# Data analysis with Python, Apache Spark,  and PixieDust
***

In this notebook you will:

* analyze customer demographics, such as, age, gender, income, and location
* combine that data with sales data to examine trends for product categories, transaction types, and product popularity
* load data from GitHub as well as from a public open data set
* cleanse, shape, and enrich the data, and then visualize the data with the PixieDust library

Don't worry! PixieDust charts don't require coding. 

By the end of the notebook, you will understand how to combine data to gain insights about which customers you might target to increase sales.

<a id="toc"></a>
## Table of contents

#### [Setup](#Setup)
[Load data into the notebook](#Load-data-into-the-notebook)
#### [Explore customer demographics](#part1)
[Prepare the customer data set](#Prepare-the-customer-data-set)<br>
[Visualize customer demographics and locations](#Visualize-customer-demographics-and-locations)<br>
[Enrich demographic information with open data](#Enrich-demographic-information-with-open-data)<br>   

#### [Summary and next steps](#summary)

## Setup
You need to import libraries and load the customer data into this notebook.

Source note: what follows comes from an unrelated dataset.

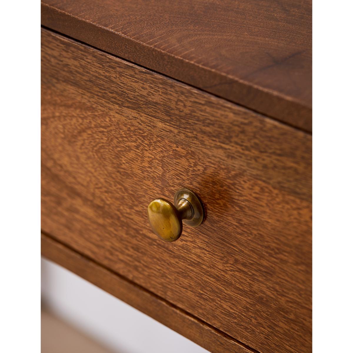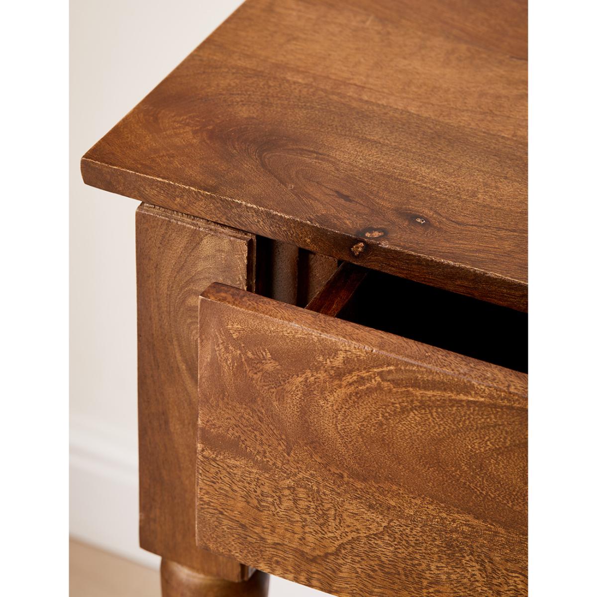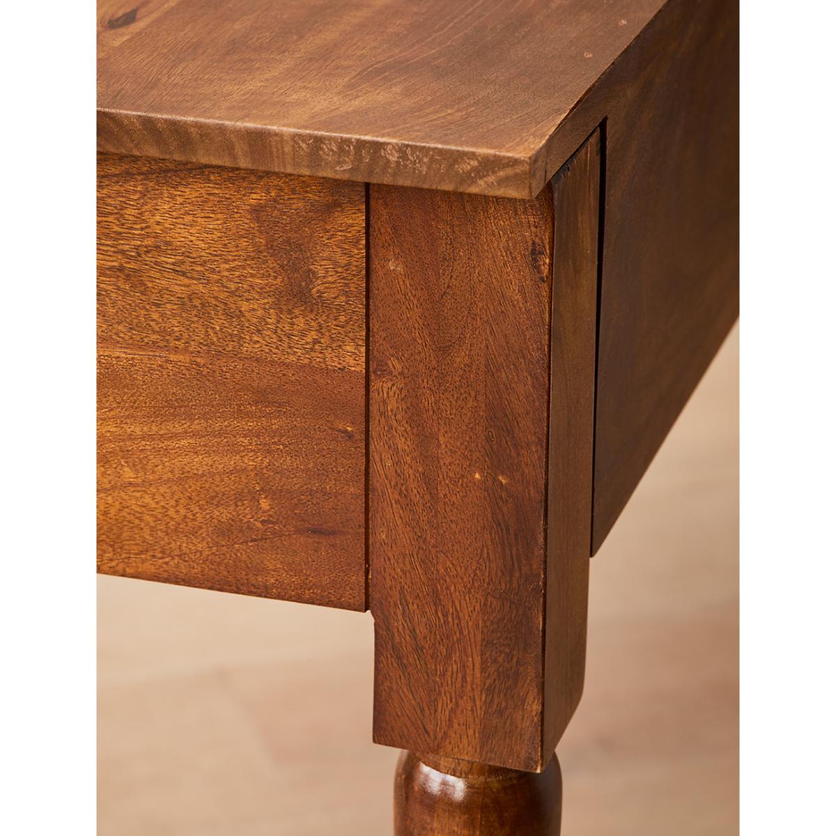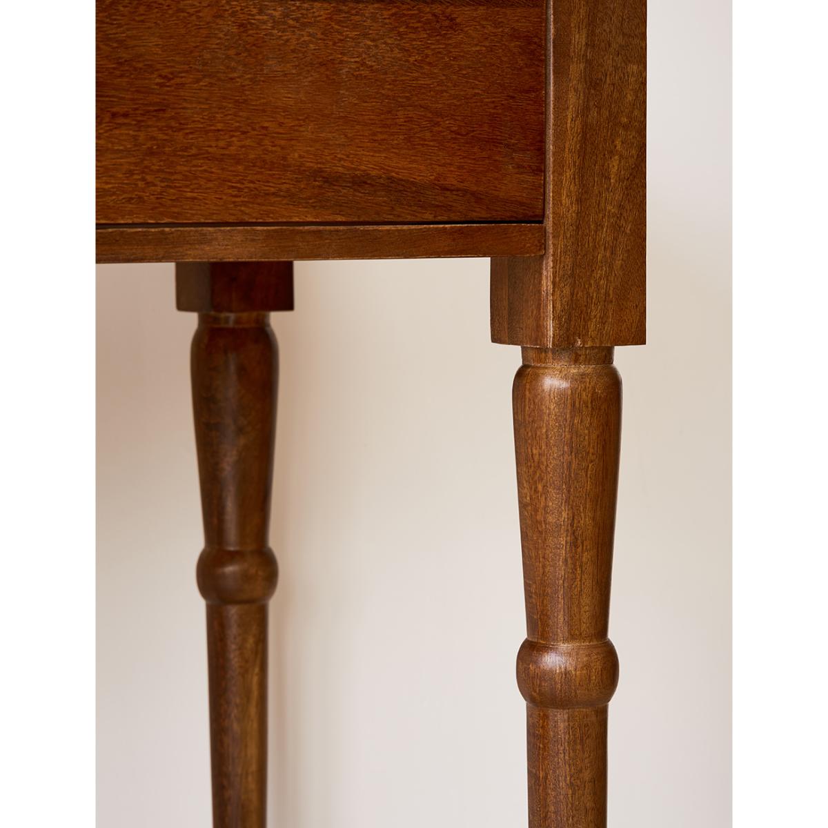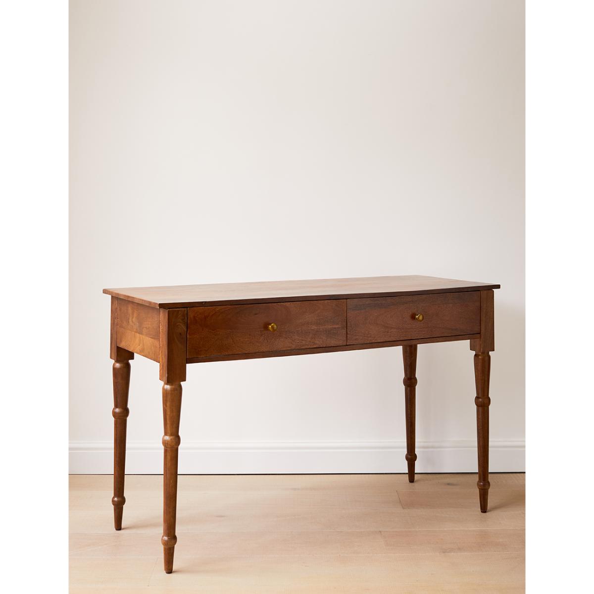 Embrace classic interior design with our Antique Style Mango Wood Console Table. Crafted from mango wood and adorned with elegant brass handles and spindle legs, this piece seamlessly merges rustic aesthetics with a modern twist. The large tabletop offers ample space for showcasing your favourite decor items, while the two spacious drawers provide plenty of storage space. This console table is completely versatile and can double up as a desk or dressing table whilst looking great in any room in the home.

Import the necessary libraries:

In [1]:
import pixiedust
import pyspark.sql.functions as func
import pyspark.sql.types as types
import re
import json
import os
import requests  

Waiting for a Spark session to start...
Spark Initialization Done! ApplicationId = app-20181113061341-0001
Pixiedust database opened successfully


**If you get any errors or if a package is out of date:**

* uncomment the lines in the next cell (remove the `#`)
* restart the kernel (from the Kernel menu at the top of the notebook)
* reload the browser page
* run the cell above, and continue with the notebook

In [2]:
#!pip install pixiedust --upgrade

### Load data into the notebook

The data file contains both the customer demographic data that you'll analyzed in Part 1, and the sales transaction data for Part 2.

With `pixiedust.sampleData()` you can load csv data from any url. The below loads the data in a Spark DataFrame. 

> In case you wondered, this works with Pandas as well, just add `forcePandas = True` to load data in a Pandas DataFrame. *But do not add this to the below cell as in this notebook you will use Spark.*

In [3]:
raw_df = pixiedust.sampleData('https://raw.githubusercontent.com/IBMCodeLondon/localcart-workshop/master/data/customers_orders1_opt.csv')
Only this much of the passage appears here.